The cut is the third time in a row BI has slashed the rate by 25 bps, after having kept it at 7.5 percent for 11 months in 2015. The deposit and lending facilities rates were meanwhile cut to 4.75 percent and 7.25 percent, respectively.

BI spokesperson Tirta Segara said the decision was in line with the broader program to ease monetary policy to maintain macro-economic stability amid benign inflation and a more stable global economy.

"The BI rate policy is expected to strengthen the domestic economy, boost economic growth and maintain monetary stability," Tirta said at a press conference after a bank board of governors meeting in Jakarta on Thursday.

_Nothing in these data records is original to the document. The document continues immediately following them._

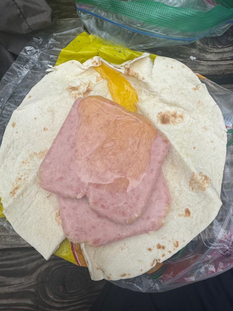 I sat at the shelter with Bugs and made a wrap with the food I had left – a tortilla, two packages of spam, olive oil and some honey. It was delicious and I hoped it would be enough to get me the last 10 miles to town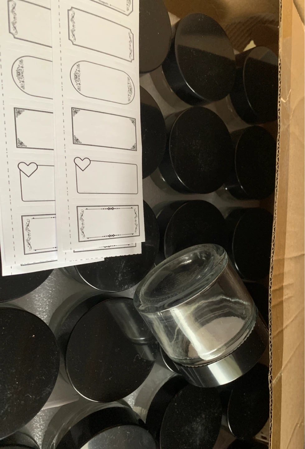 Comes with a pack of small glass jars, each with a black screw-on lid. Includes a sheet of decorative labels for personalization. Perfect for storing small items or for DIY projects! , Brand New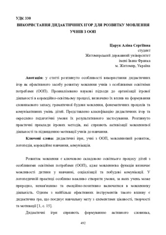 Царук А. С. (2025) Використання дидактичних ігор для розвитку мовлення учнів з ООП. In: IV Міжнародна науково-практична конференція «Science, technology and global challenges», 4–6 грудня 2025 р., Токіо, Японія. С. 492–495.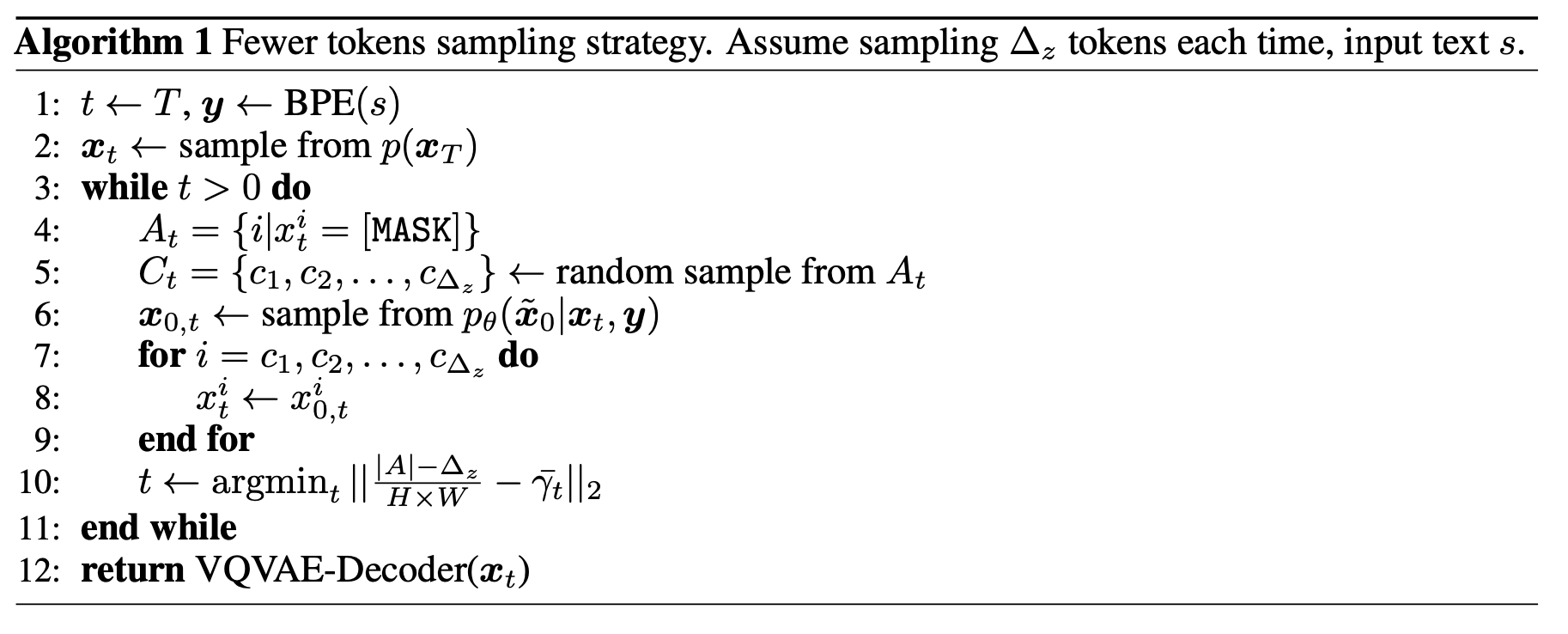 저자들의 목표는 각 step에서 \(A_t\)로부터 \(\Delta_z\)개의 [MASK] 토큰을 복구하는 것이라고 합니다. 따라서 전체 inference step은 \(T’ = (H \times W)/\Delta_z\)이며, 현재 time step은 다음과 같이 계산할 수 있다고 합니다. \(\begin{equation} \underset{t}{\arg \min} \| \frac{| A_t |}{H \times W} - \overline{\gamma}_t \|_2 \end{equation}\)
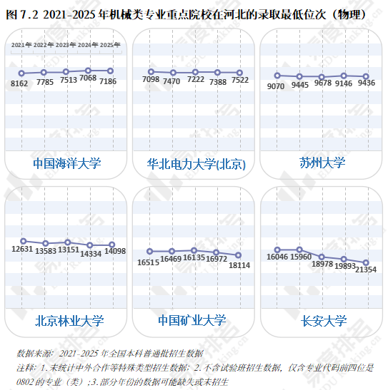 近年,从动化、智能化的新兴专业将逐渐替代保守专业。2024年新增104个专业点。全体不变。于2022年降至687所后逐年添加,但并非大热专业,中国海洋大学小幅上涨,能够看出各校登科位次均未呈现大的波动,对于机械类专业来说,机械类专业结业五年就业对劲度差强人意,2021-2023年“三连降”,多方利好催化机械类专业焕发新的朝气。至2025年完全归零?本年达到五年来最低,以“机械五虎”之一华中科技大学为例,近五年机械类专业招收文科\汗青考生的打算数逐年递减,院校占比尚未回到2021年程度。同专业类年增数量一样,985院校缩减机械类专业招生规模已是常态,保守专业仍是招生从力,电子消息类专业则扩招最多。专业迭代紧跟行业变化,机械类专业招生院校数量也履历了先削减后添加的过程,理科、分析科目标招生人数趋于不变,均上涨45%以上,从2024-2025年招生打算增幅来看,下层员工晋升通道狭小,机械类专业点新增数量自2020年持续下滑,2025年机械类招生打算较上一年降幅高居各专业类第一,其他各条理院校则有3%-12%的涨幅,且下降幅度远不及上涨幅度,多年的寂静已被打破,行业规模基数复杂、财产升级需求强劲、政策支撑强化劣势!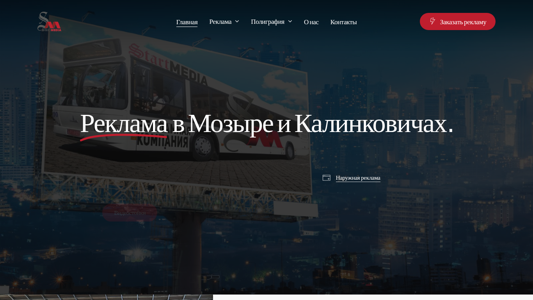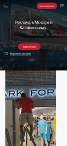 | AI-анализ | language: ru  The portal Startmedia offers various types of advertising in the cities of Mozyr and Kalinkovich. These include advertising on video display units, outdoor advertising (signs, light boxes, information stands), television advertising, and printing services such as business cards and large format printing. The company has over 300 clients and provides a wide range of advertising solutions. Users can submit their order with their name and phone number, and receive a notification upon completion. The site includes a 'Contact Us' section with phone numbers and email address for inquiries. |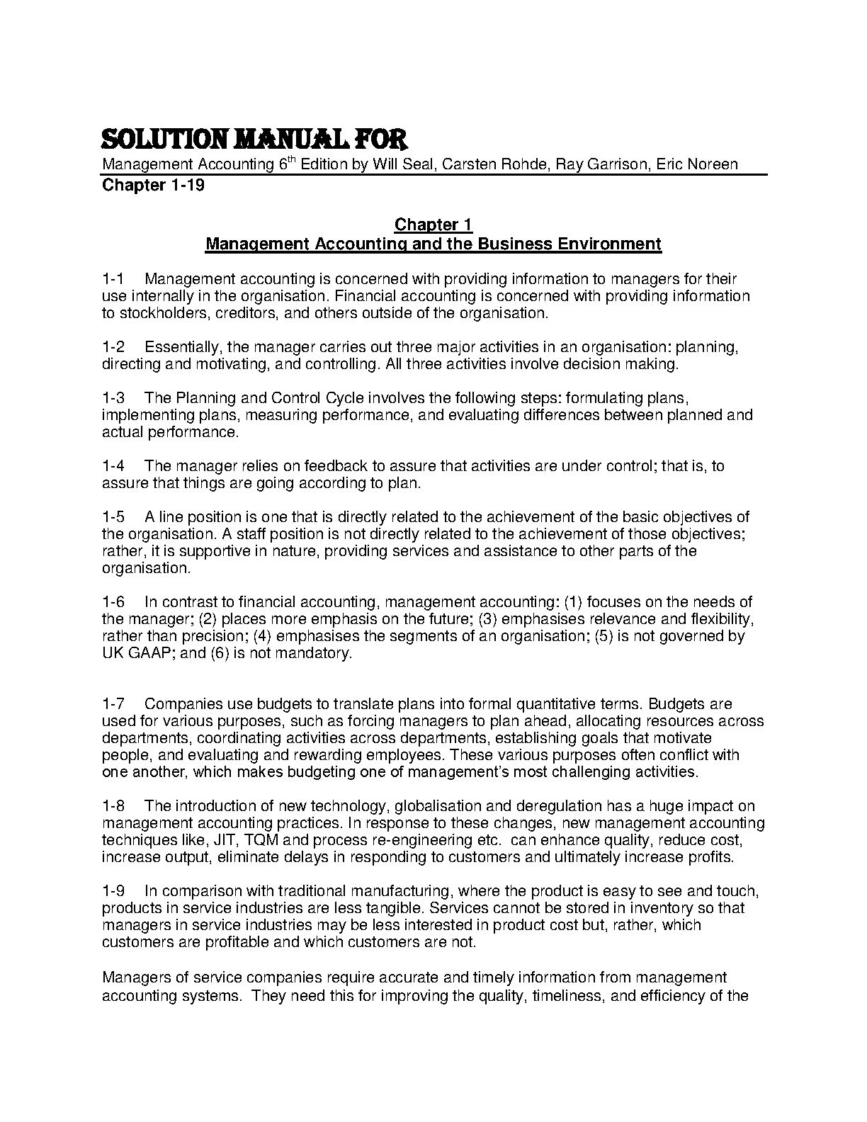 Management Accounting 6th Edition Solution Manual by Will Seal, Carsten Rohde, Ray Garrison, Eric Noreen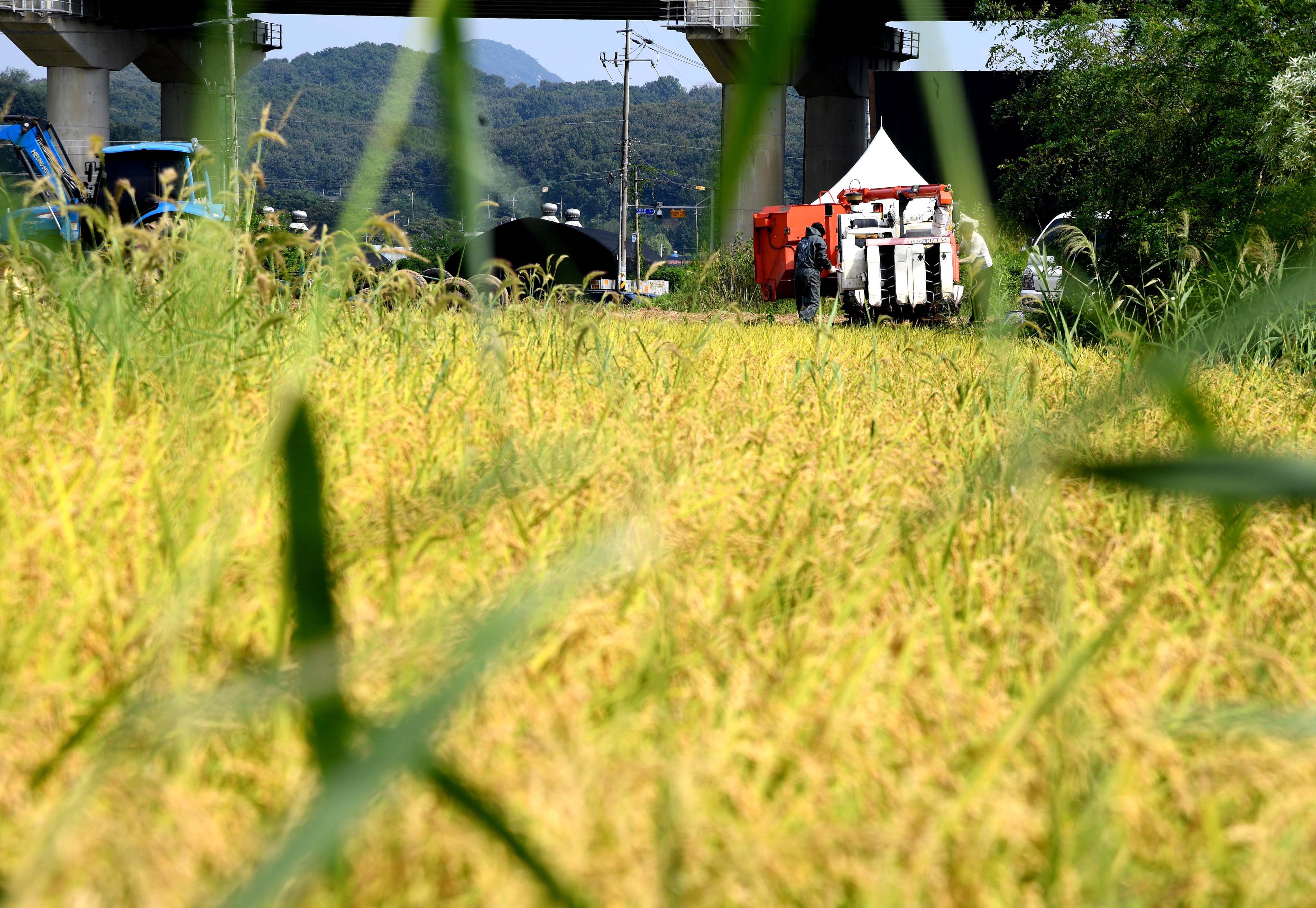푸른 논이 황금빛으로 물든 가을 초입, 알알이 영근 벼가 바람에 살랑이는 논에서 콤바인이 부지런히 쌀을 수확하고 있다. 황금빛 벼 사이를 지나가는 콤바인뒤로 가을의 풍요로움이 가득 채워진다.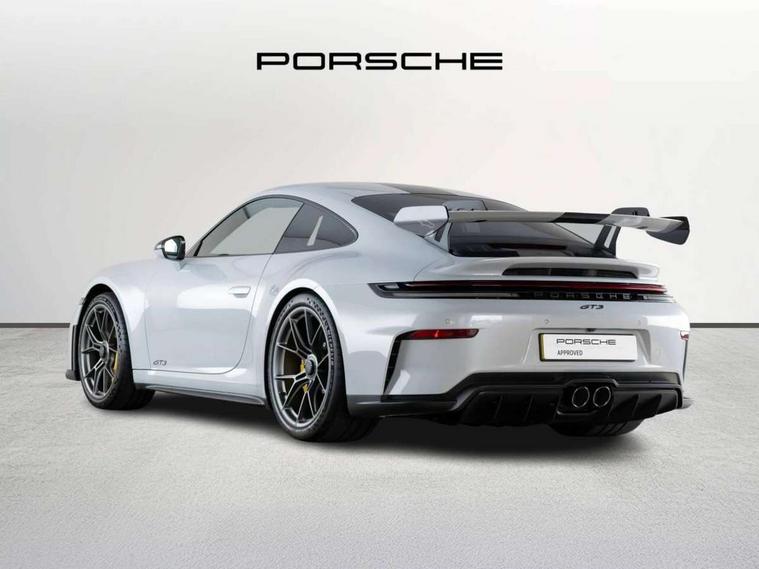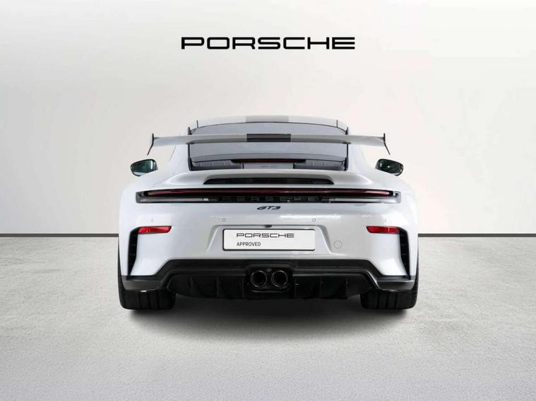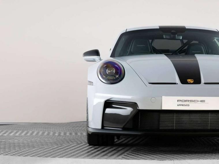 Apple CarPlay, Cruise control, Driver awareness detection, Driving modes, Emergency call systems eCall and bCall, Lane keep assist, Navigation High, Power steering plus, Rear axle steering with sport setup, Reversing camera system, Smartphone compartment with wireless charging up to 15 W, Traffic sign recognition, Voice control, Warn and brake assist including pedestrian protection, 4.0 litres 6-cylinder horizontally opposed and naturally aspirated engine, 63 litre fuel tank, 7 Speed Porsche Doppelkupplung (PDK) with short transmission ratios and sports set up, Lithium-ion lightweight starter battery Track LiFePO4 (40Ah), PASM Sports suspension, Porsche Torque Vectoring Plus (PTV Plus) inc electronically regulated rear differential lock and fully variable torque distribution, Rear wheel drive, DAB Digital radio, Automatic headlight activation including welcome home lighting, Automatically dimming interior and exterior mirrors with integrated rain sensor, Bonnet and roof in exterior colour, Electrically adjustable heated exterior mirrors on door waist rails, aspherical on driver's side, Fuel/charging cover, GT3 Specific rear lid, LED 3rd brake light, LED daytime running lights, Lightweight and noise insulated glass, Lightweight stainless steel sports exhaust system with 2 central tailpipes in black, Lower valance, PORSCHE logo painted in satin black, Rear boot, Rear diffusor in louvered design, Trim on side skirts in black, Unique air intake grille including badge with GT3 touring logo, Windscreen with grey top tint, Delete quilting, Front head restraints, GT-specific PDK gear selector with manual gate and grip area, Headrests with stitched model designation, Interior lighting, Leather door panel and central armrests, Particle/pollen filter with active carbon filter, Roof lining and A, B & C-pillar trims in black race tex, Single front passenger seat, Steering wheel with manual fore/aft and height adjustment, Two zone auto climate control, USB-C fast charging, 3 point automatic seatbelts, Airbags, Electric parking brake, Passenger airbag deactivation, Pedestrian safety, Seatbelt pretensioners, Seatbelt warning device for driver and front passenger seats, Warning triangle, Alarm system with interior surveillance, Alcohol interlock preparation, Keyless Go, Preparation for Porsche Dashcam, Tyre pressure monitoring system with race track mode, TPM valve in silver, Tyre sealing compound and electric air compressor kit, Wheel centres with GT3 logo,

BI's short-term focus, he continued, is to emphasize on strengthening the central bank's operational framework and coordination with the government to ensure the success of structural reform. "Looking ahead, BI will be more cautious on interest rate policy, taking into account the assessment and development of the global economy," Tirta added.

The US Federal Reserve’s statement took a more dovish tone, with a downgrade of economic growth and inflation expectations, suggesting the Fed would only raise interest rates twice this year instead of three or four times, as previously expected by the market.

This left the US dollar to depreciate against its major trading partners. It dropped 192 points or 1.45 percent against the rupiah on Thursday, sending the rupiah to 13,075 per dollar.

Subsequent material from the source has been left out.